In fact, a shift in diet can change your gut bacteria in a matter of days47

But, avoidance isn’t everything. You’ll also want to include the following types of foods in your diet to feed those healthy bacteria:

  • Fermented probiotic foods (lactofermented sauerkraut, kimchi, kombucha, etc)
  • Prebiotic foods (onion, garlic, asparagus, leeks, sunchokes, etc)
  • Resistant starch (green bananas, plantains, cooked and cooled rice, cooked and cooled potatoes and sweet potatoes, etc)48

In our clinical practice, we also find that taking a high-quality probiotic supplement can be helpful.

Grocery and health food stores are flooded with probiotics, but not all probiotics are created equal. So, given the extensive role gut health plays in the health of mami and baby, it really pays to get picky about this one.

One of our favorites is this product that has five researched strains of Lactobacilli and Bifidobacteria in acid-resistant capsule with pH targeted release to deliver maximal viable organisms to the digestive tract.

CHAPTER 8

Environmental toxins and pre-pregnancy detox

Environmental toxins are everywhere, and can affect reproductive health for generations.

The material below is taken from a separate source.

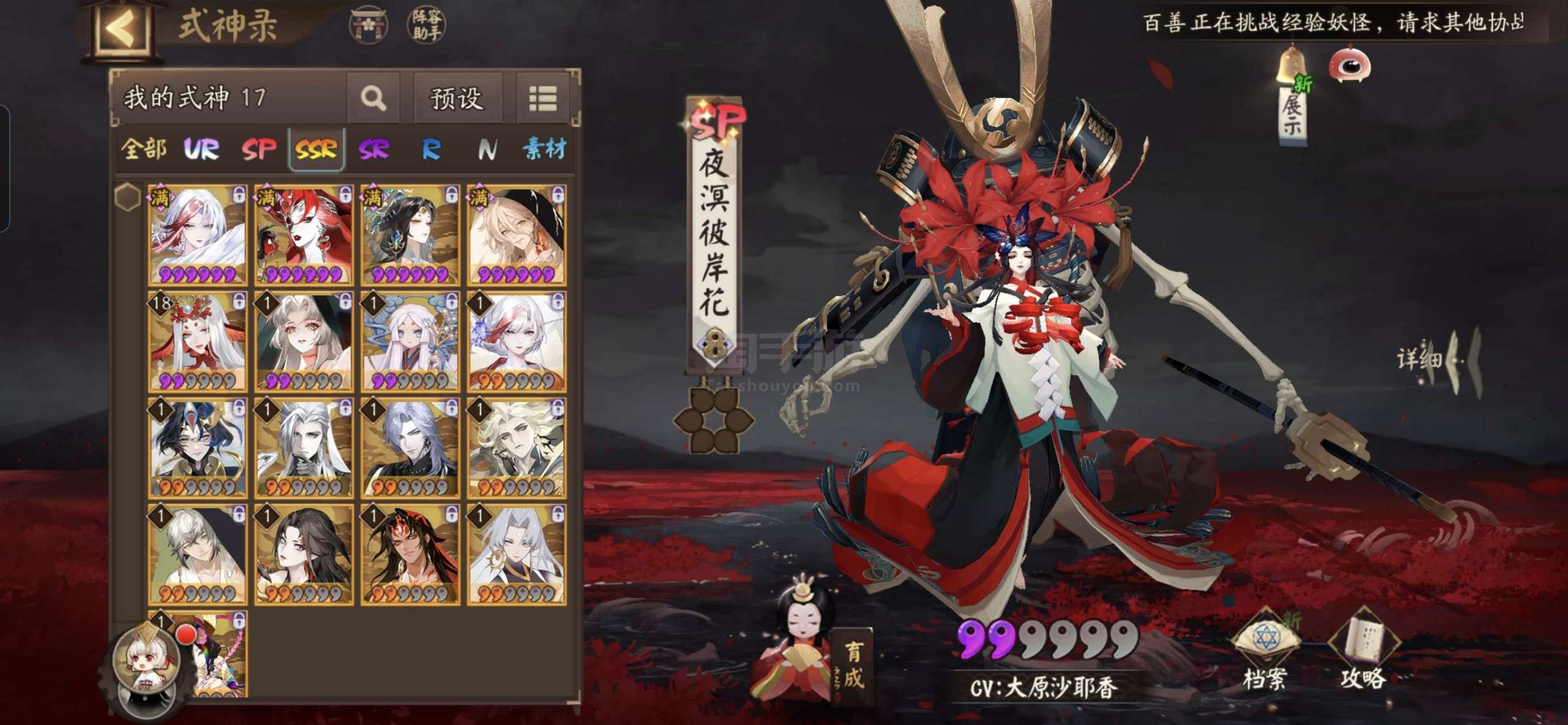 阴阳师【安卓官方】百崽同行,因幡天照大缘雪御前瑶音鬼王须佐不见岳SP不见岳等等,加自选加庭院多胚子

Preconception is a perfect time to focus on limiting these exposures—and it’s not as hard as you may think! In this chapter we’ll tell you what to do.

Environmental toxins are ubiquitous​

Just a decade ago, it may have been considered quackery to suggest that common household chemicals could influence conception and birth outcomes.

Not any more.

For example, a 2004 study showed 287 chemicals in the umbilical cord blood of babies taken at birth, including pesticides, consumer product ingredients, and waste pollutants, and over 180 carcinogens.49

The American College of Obstetrics and Gynecology (ACOG) along with the American Society for Reproductive Medicine published a formal committee opinion on exposure to environmental chemicals in 2013 acknowledging that: “Patient exposure to toxic environmental chemicals and other stressors is ubiquitous, and preconception and prenatal exposure to toxic environmental agents can have a profound and lasting effect on reproductive health across the life course.”50

What this data confirms is that environmental toxins are everywhere, and can affect reproductive health for generations.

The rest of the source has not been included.